Ce triomphe même présageait sa perte. En vain, une réconciliation eut lieu ; en vain, on échangea les meilleures assurances. Sa popularité le rendait redoutable. D’ailleurs, il n’était pas homme à user désormais de plus de prudence. Quelques mois après, vers la fin de 403, à l’occasion de l’érection d’une statue de l’impératrice sur une place publique qui touchait à l’église principale, des réjouissances eurent lieu, dont le caractère païen lui parut offensant pour la religion. Il somma le préfet de les faire cesser. Le conflit recommençait ainsi sous une forme plus personnelle.
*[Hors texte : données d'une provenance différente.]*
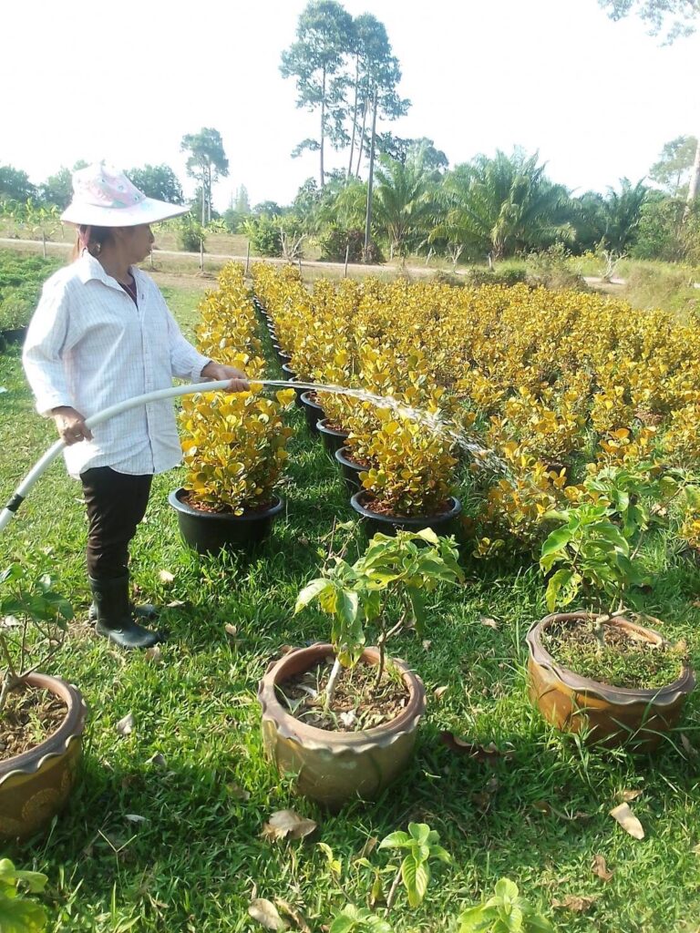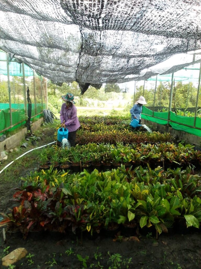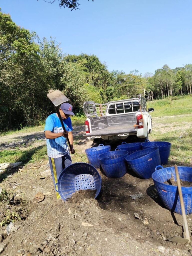 งานเพาะชำและปุ๋ยหมัก – ค้ำยันต้นมังคุดและเติมปุ๋ย
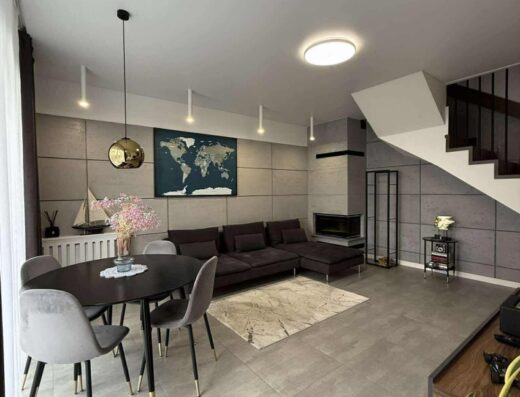 Parter: powierzchnia około 125 m²: przedsionek z ładną i funkcjonalną szafą i przejściem do garażu, toaleta gościnna, gabinet/sypialnia, nowy aneks kuchenny (w pełni wyposażony) z wykuszem i spiżarnią, jadalnia, salon z kominkiem z płaszczem wodnym (dodatkowe źródło ogrzewania c.o. i c.w.u.).
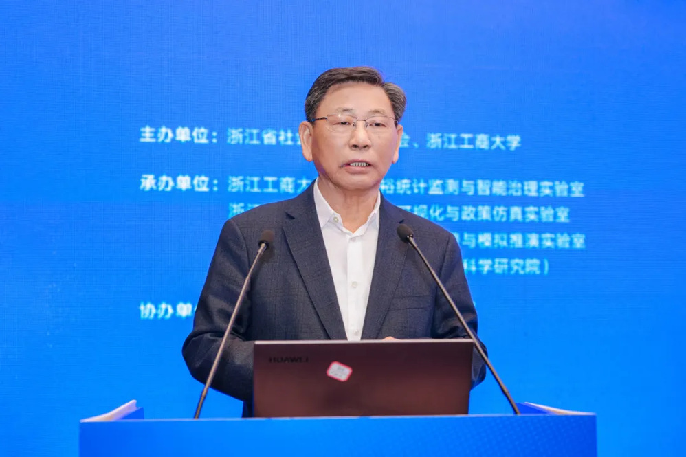 王永贵在致辞中表示,近年来,学校积极推动AI与哲学社会科学深度融合,成效显著。在服务国家战略层面,学校不仅成功推动“共同富裕统计监测与智能治理实验室”入选教育部哲学社会科学实验室,还作为浙江唯一代表入选商务部首批商业技术应用创新中心。在赋能教育科研层面,自主研发“商学智脑”大模型,并引进顶尖科学家、共建实验室和学院,系统性重塑科研生态。学校还通过夯实学科交叉融合的“新土壤”,凭借在工商管理、统计学等领域的学科优势,为AI与社科的深度融合提供了坚实支撑。
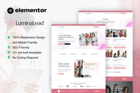 LuminaLead is beautiful elementor template kit for feminine business coaching. This cool elementor template kit suitable for agency that help woman to grow their business such as digital business, interior design, design agency, digital products, coaching, fashion, health, art wellness, and beauty website service. It has 12+ pre-built templates with beautiful, professional and modern style. Save your time and make feminine business coaching website easily with this elementor template kit.

L’impératrice, blessée au vif, voulut cette fois aller jusqu’au bout. Il n’est pas sûr que Jean ait réellement prononcé les paroles célèbres qu’on lit aujourd’hui en tête d’une homélie qui porte son nom : « De nouveau, voici Hérodiade en délire, de nouveau elle se met en fureur, de nouveau elle danse, de nouveau elle veut qu’on lui apporte la tête de Jean sur un plat[2]. » Mais, à défaut de ces paroles, il y en avait assez d’autres dans ses discours, qu’on pouvait interpréter comme autant d’allusions. Eudoxie fit soulever, par les évêques qui lui obéissaient, une protestation contre le rétablissement du patriarche ; et, comme il refusait de cesser ses fonctions, il fut d’abord gardé à vue chez lui, puis, vers le milieu de 404, enlevé violemment de son église et conduit en exil.
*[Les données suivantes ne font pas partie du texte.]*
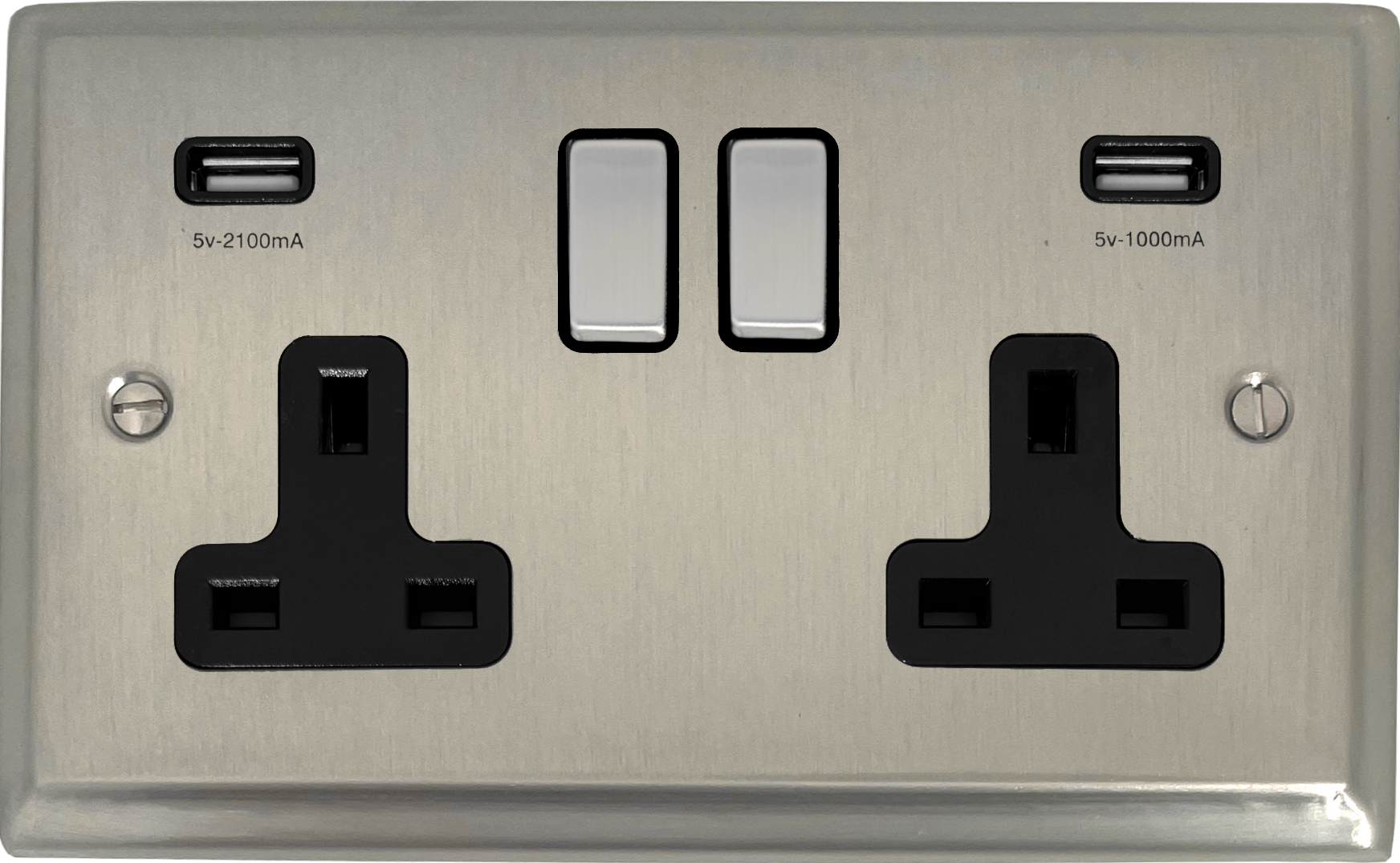 Deco Satin Nickel Double Socket with USB (Black Insert/Matching Switch) PE.3910.SN
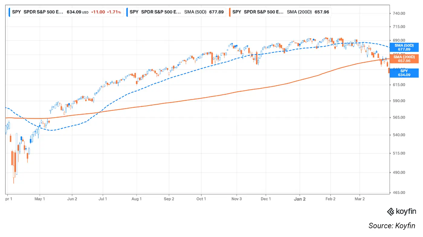 The SPDR S&P 500 ETF (SPY), which tracks the performance of the S&P 500, finished the week below both its 50-day and 200-day moving averages.

Des scènes violentes eurent lieu à Constantinople. Un incendie, qu’on imputa aux partisans de l’exilé, dévora les bâtiments attenant à la cathédrale et l’église elle-même. En tout cas, ses amis, parmi lesquels il y avait certainement des exaltés, continuèrent à former une

  1. Voir l’Homélie après son retour.
  2. Hom. sur la décoll. de S. Jean-Baptiste, exorde.